DATASET EXCERPTS:
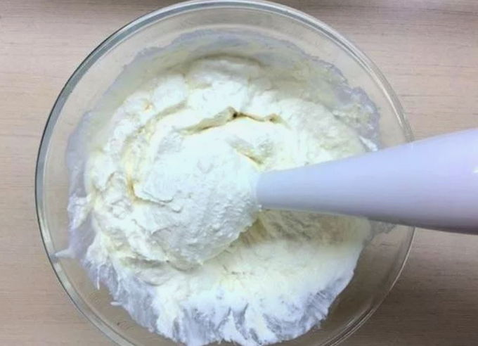 - Zet de blender aan en klop deze ingrediënten tot een gladde massa. Laat daarna de resulterende room 10 minuten opzij om de suiker volledig op te lossen.
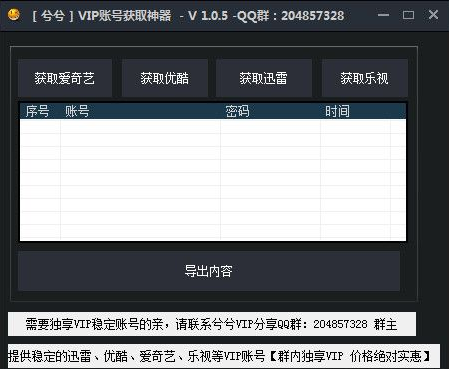 兮兮vip账号获取神器是一款能够为用户提供爱奇艺、优酷、迅雷、乐视等视频网站会员账号的工具。有需要的可以来此下载!
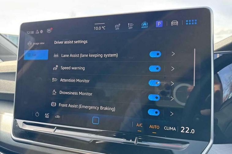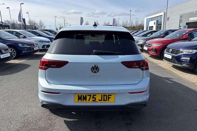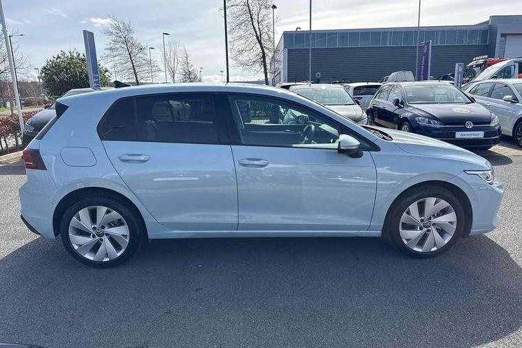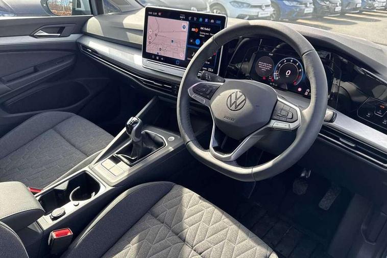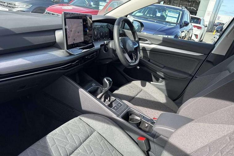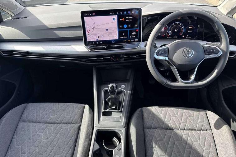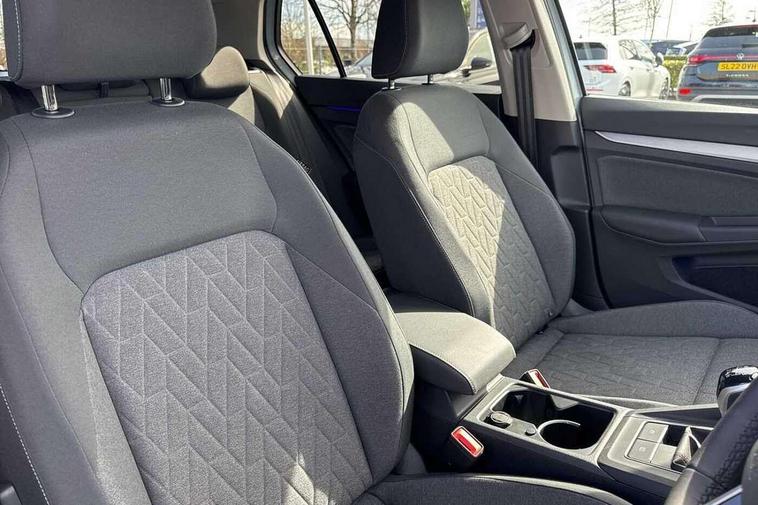 Activated carbon canister, Adaptive cruise control (ACC), Advanced driver attention and drowsiness monitor, Dynamic road sign display, E-Sim card for online connectivity, eCall emergency call system, Multi-color Digital cockpit pro, selection of different info profile possible, Multifunction front facing camera for distance control, Navigation system, Oncoming vehicle braking when turning including swerve support, Speed limiter, Speedo, rev counter, electronic odometer, trip, service interval display, exterior temperature and fuel gauge, Voice enhancer and voice control, Warning signal and warning light for front and rear seatbelts not fastened, We connect plus preparation, We connect preparation, Wireless app connect, Petrol Particulate Filter, Start-stop system with battery regeneration (recuperation - energy recovery during braking), XDS electronic differential lock for improved traction and handling, 2 USB C ports in front, 2 USB charging sockets on the centre console in the rear charging capacity upto 45W, Digital radio reception (DAB), Diversity antenna for FM reception, Gaming platform via car app, Infotainment system with 12.9" display, Mobile phone interface with inductive charging feature, 3rd brake light, Automatic headlamp activation with Coming home and Leaving home feature, Body colour door handles, Body colour door mirrors, Exterior mirrors convex on the left and aspherical on the right, Front and rear electric windows, Heat insulating windshield made of laminated glass, LED separate daytime running light, Rear exhaust tailpipe, Rear fog light on one side and reversing lights on both sides, Rear side wing doors, Rear tinted glass 65% light absorbing from B pillar backwards, Rear windscreen washer and wiper with interval delay, Remote electrically foldable door mirrors, puddle lights and reverse activated passenger's door mirror, Standard bumpers, Welcome light with surround lighting, 12V socket in front centre console, 12V socket in luggage compartment, 3 rear head restraints, 3 seat bench in 2nd row, Chrome plated radiator grille inserts, air vent surrounds and light switch surrounds, Front centre armrest, Front head restraints, ISOFIX anchors for child seats on outer rear bench seats and on front passanger seat compatible for i-Size, Leather gearshift handle, Luggage compartment lighting, Manual height adjustable front passenger seat, Rear cupholder and loadthough, Single front passenger seat, Soul black instrument panel, Split folding backrest with centre armrest and unsplit rear seat bench, Standard pedal cluster, Storm grey roof lining, Sun visors with illuminated vanity mirrors, Parking and comfort pack - Golf Estate/Hatchback, 3 point height adj front seatbelts + pretensioners, 3 rear three point seatbelts, ABS, Autonomous emergency braking front assist with pedestrian and cyclist monitoring, Child locks on rear doors, Driver and front passenger airbag with front passenger airbag deactivation, Electronic parking brake with auto hold, ESC (Electronic Stability Control), Extended pedestrian protection measures, Rear disc brakes, Two tone horn, Tyre pressure loss indicator, Volkswagen roadside assistance, Anti theft wheel bolts, Preparation for alcohol interlock, Nature cross brushed decorative inserts for dashboard and front door panels,
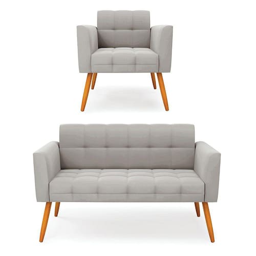 Você irá receber: 01 Sofá Namoradeira e 01 Poltrona - Entregue em: 02 Volumes
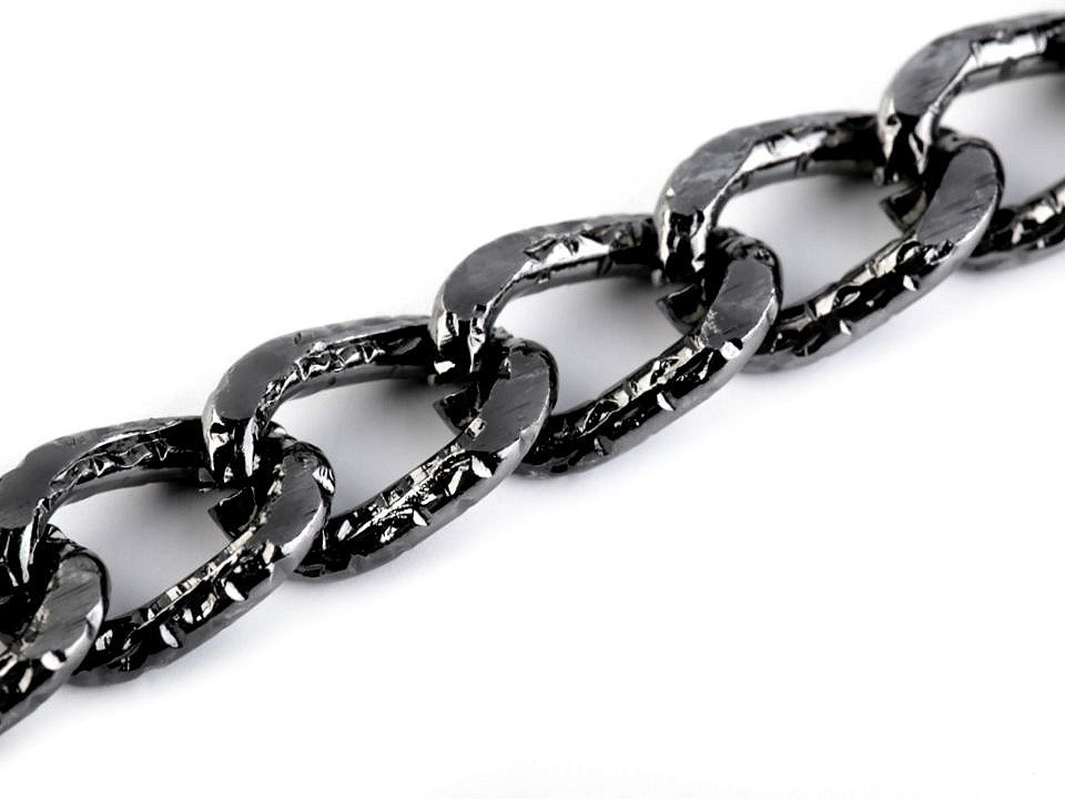 Řetízek je zajímavým svým povrchem, který zdobí reliéf. Očka jsou oválná. Řetěz nemá žádné zakončovací karabinky.

EXERCISE:
Apart from the pictures, every line of the material above is to be returned word for word.

FINISHED EXERCISE:
 - Zet de blender aan en klop deze ingrediënten tot een gladde massa. Laat daarna de resulterende room 10 minuten opzij om de suiker volledig op te lossen.
 兮兮vip账号获取神器是一款能够为用户提供爱奇艺、优酷、迅雷、乐视等视频网站会员账号的工具。有需要的可以来此下载!
 Activated carbon canister, Adaptive cruise control (ACC), Advanced driver attention and drowsiness monitor, Dynamic road sign display, E-Sim card for online connectivity, eCall emergency call system, Multi-color Digital cockpit pro, selection of different info profile possible, Multifunction front facing camera for distance control, Navigation system, Oncoming vehicle braking when turning including swerve support, Speed limiter, Speedo, rev counter, electronic odometer, trip, service interval display, exterior temperature and fuel gauge, Voice enhancer and voice control, Warning signal and warning light for front and rear seatbelts not fastened, We connect plus preparation, We connect preparation, Wireless app connect, Petrol Particulate Filter, Start-stop system with battery regeneration (recuperation - energy recovery during braking), XDS electronic differential lock for improved traction and handling, 2 USB C ports in front, 2 USB charging sockets on the centre console in the rear charging capacity upto 45W, Digital radio reception (DAB), Diversity antenna for FM reception, Gaming platform via car app, Infotainment system with 12.9" display, Mobile phone interface with inductive charging feature, 3rd brake light, Automatic headlamp activation with Coming home and Leaving home feature, Body colour door handles, Body colour door mirrors, Exterior mirrors convex on the left and aspherical on the right, Front and rear electric windows, Heat insulating windshield made of laminated glass, LED separate daytime running light, Rear exhaust tailpipe, Rear fog light on one side and reversing lights on both sides, Rear side wing doors, Rear tinted glass 65% light absorbing from B pillar backwards, Rear windscreen washer and wiper with interval delay, Remote electrically foldable door mirrors, puddle lights and reverse activated passenger's door mirror, Standard bumpers, Welcome light with surround lighting, 12V socket in front centre console, 12V socket in luggage compartment, 3 rear head restraints, 3 seat bench in 2nd row, Chrome plated radiator grille inserts, air vent surrounds and light switch surrounds, Front centre armrest, Front head restraints, ISOFIX anchors for child seats on outer rear bench seats and on front passanger seat compatible for i-Size, Leather gearshift handle, Luggage compartment lighting, Manual height adjustable front passenger seat, Rear cupholder and loadthough, Single front passenger seat, Soul black instrument panel, Split folding backrest with centre armrest and unsplit rear seat bench, Standard pedal cluster, Storm grey roof lining, Sun visors with illuminated vanity mirrors, Parking and comfort pack - Golf Estate/Hatchback, 3 point height adj front seatbelts + pretensioners, 3 rear three point seatbelts, ABS, Autonomous emergency braking front assist with pedestrian and cyclist monitoring, Child locks on rear doors, Driver and front passenger airbag with front passenger airbag deactivation, Electronic parking brake with auto hold, ESC (Electronic Stability Control), Extended pedestrian protection measures, Rear disc brakes, Two tone horn, Tyre pressure loss indicator, Volkswagen roadside assistance, Anti theft wheel bolts, Preparation for alcohol interlock, Nature cross brushed decorative inserts for dashboard and front door panels,
 Você irá receber: 01 Sofá Namoradeira e 01 Poltrona - Entregue em: 02 Volumes
 Řetízek je zajímavým svým povrchem, který zdobí reliéf. Očka jsou oválná. Řetěz nemá žádné zakončovací karabinky.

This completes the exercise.